VIZIO, a television manufacturer, has been accused of violating laws by installing software on their televisions without consumers' knowledge or consent that collected viewing data. The company sold over 11 million internet-connected televisions since 2010, and since February 2014, the televisions were designed to continuously track consumers' viewing habits and transmit the data to VIZIO through the proprietary ACR software, which was turned on by default.
Starting February 2014, the company remotely installed ACR software on previously sold televisions that didn't have it installed at the time of purchase. Consumers who purchased VIZIO televisions after August 2014, with ACR tracking pre-installed and enabled by default, were not notified onscreen about the collection of viewing data. For televisions that were updated in February 2014 to install default ACR tracking after purchase, an initial pop-up notification appeared on the screen that only mentioned a change in VIZIO's Privacy Policy and that Smart Interactivity has been enabled on the TV, but consumers could disable it in the settings menu. The message did not directly link to the settings menu or privacy policy, nor did it provide any information about the collection of viewing data or ACR software.
The Federal Trade Commission and the Office of the New Jersey Attorney General have charged VIZIO with violating Section 5(a) of the FTC Act and Section 56:8-2 of the New Jersey Consumer Fraud Act. The representations made by VIZIO were not clear or prominent enough to alert consumers to their data collection practices, which included the sale of licenses. The company's practices were considered deceptive, including hidden information and misrepresentations, which misled consumers into allowing VIZIO to collect and sell their viewing data.
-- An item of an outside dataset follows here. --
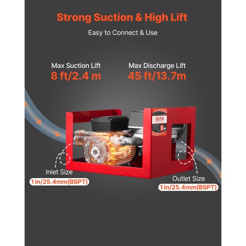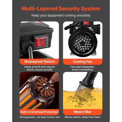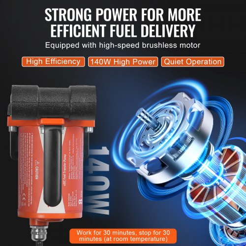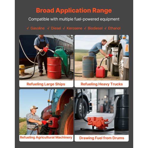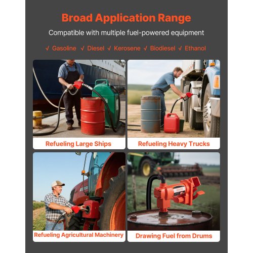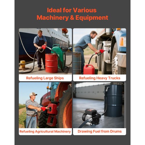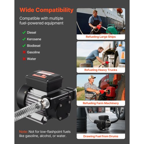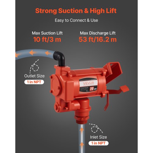 VEVOR Bomba de Transferencia de Combustible, 57 L/min, Elevación Máx. de Succión de 2,4 m, Elevación Máx. de 11,28 m, Protección Contra Sobrecalentamiento, para Gasolina, Diésel, Queroseno, Etanol

VIZIO has reached a settlement with the Federal Trade Commission and the Office of the New Jersey Attorney General, agreeing to pay $2.2 million in response to allegations that it secretly installed software on 11 million consumer TVs to collect viewing data without their knowledge or consent. Vizio has agreed to stop unauthorized tracking, to prominently disclose its TV viewing collection practices, and to get consumers’ express consent before collecting and sharing viewing information. The settlement requires VIZIO to pay $1.5 million to the FTC and $1 million to the New Jersey Division of Consumer Affairs, with $300,000 of that amount suspended.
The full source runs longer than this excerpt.